#### Information provided

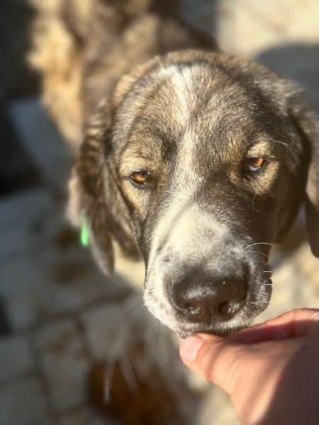 Sie war immer in unserer Nähe und wir konnten sie gut anfassen und streicheln. Wegen der Hautprobleme waren wir aber sehr vorsichtig und testeten nichts weiter aus. Die Situation im Kennel war auch nicht einfach, weil ein anderer Hund uns definitiv da nicht drin haben wollte.
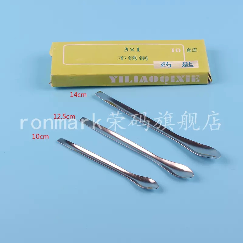 单头药勺;长16cm宽度1.6cm; 单头药勺;长18cm宽度1.7cm; 单头药勺;长20cm宽度1.8cm; 单头药勺;长22cm宽度1.9cm; 一头勺一头铲;长20cm勺宽度2.0cm铲宽度1.5cm; 双头勺;长20cm小头1.2cm大头1.5cm; 双头勺;长22cm小头1.4cm大头1.9cm 3*1不锈钢小药勺为10+12.5+14cm各一把
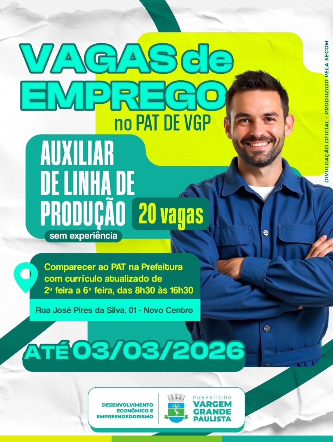 O Posto de Atendimento ao Trabalhador (PAT) de Vargem Grande Paulista está com 20 vagas abertas para o cargo de Auxiliar de Linha de Produção. A oportunidade é destinada a candidatos que buscam inserção no mercado de trabalho e não exige experiência prévia.
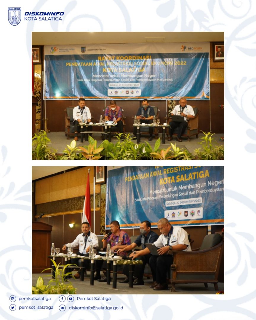 Eddy Supeno selaku Ketua panitia, melaporkan kegiatan yang terselenggara merupakan pertemuan dengan Pemerintah Daerah yang erat kaitannya dengan kegiatan maupun dukungan publisitas Regsosek 2022. “Rapat koodinasi ini merupakan pertemuan dengan jajaran Pemerintah Daerah yang erat dengan kegiatan maupun dukungan publisitas Regsosek 2022. Seperti Kepala Daerah, Forkopimda, Bappeda, Dinsos, Diskominfo, Dinkes, DP3AP2KB, Disdik, Setda, Prokompim serta camat dan lurah se Kota Salatiga”. Ia juga menambahkan, kegiatan yang digelar diikuti oleh 62 orang termasuk panitia.
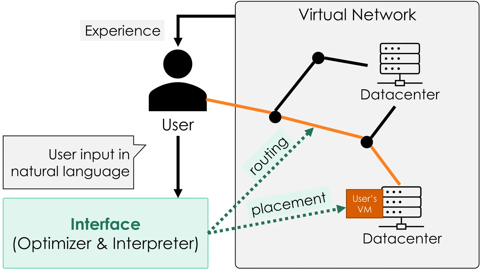 This paper proposes a chat-driven network management framework that integrates natural language processing (NLP) with optimization-based virtual network allocation, enabling intuitive and reliable reconfiguration of virtual network services. Conventional intent-based networking (IBN) methods depend on statistical language models to interpret user intent but cannot guarantee the feasibility of generated configurations. To overcome this, we develop a two-stage framework consisting of an Interpreter, which extracts intent from natural language prompts using NLP, and an Optimizer, which computes feasible virtual machine (VM) placement and routing via an integer linear programming. In particular, the Interpreter translates user chats into update directions, i.e., whether to increase, decrease, or maintain parameters such as CPU demand and latency bounds, thereby enabling iterative refinement of the network configuration. In this paper, two intent extractors, which are a Sentence-BERT model with support vector machine (SVM) classifiers and a large language model (LLM), are introduced. Experiments in single-user and multi-user settings show that the framework dynamically updates VM placement and routing while preserving feasibility. The LLM-based extractor achieves higher accuracy with fewer labeled samples, whereas the Sentence-BERT with SVM classifiers provides significantly lower latency suitable for real-time operation. These results underscore the effectiveness of combining NLP-driven intent extraction with optimization-based allocation for safe, interpretable, and user-friendly virtual network management.

########

Word for word, retype the lines in the entries above that run from the one with "单头药勺;长16cm宽度1.6cm; 单头药勺;长18cm宽度1.7cm; 单头药勺;长20cm宽度1.8cm;" through the one with "O Posto de Atendimento". Both ends count; pictures do not.

> [Response area]
 单头药勺;长16cm宽度1.6cm; 单头药勺;长18cm宽度1.7cm; 单头药勺;长20cm宽度1.8cm; 单头药勺;长22cm宽度1.9cm; 一头勺一头铲;长20cm勺宽度2.0cm铲宽度1.5cm; 双头勺;长20cm小头1.2cm大头1.5cm; 双头勺;长22cm小头1.4cm大头1.9cm 3*1不锈钢小药勺为10+12.5+14cm各一把
 O Posto de Atendimento ao Trabalhador (PAT) de Vargem Grande Paulista está com 20 vagas abertas para o cargo de Auxiliar de Linha de Produção. A oportunidade é destinada a candidatos que buscam inserção no mercado de trabalho e não exige experiência prévia.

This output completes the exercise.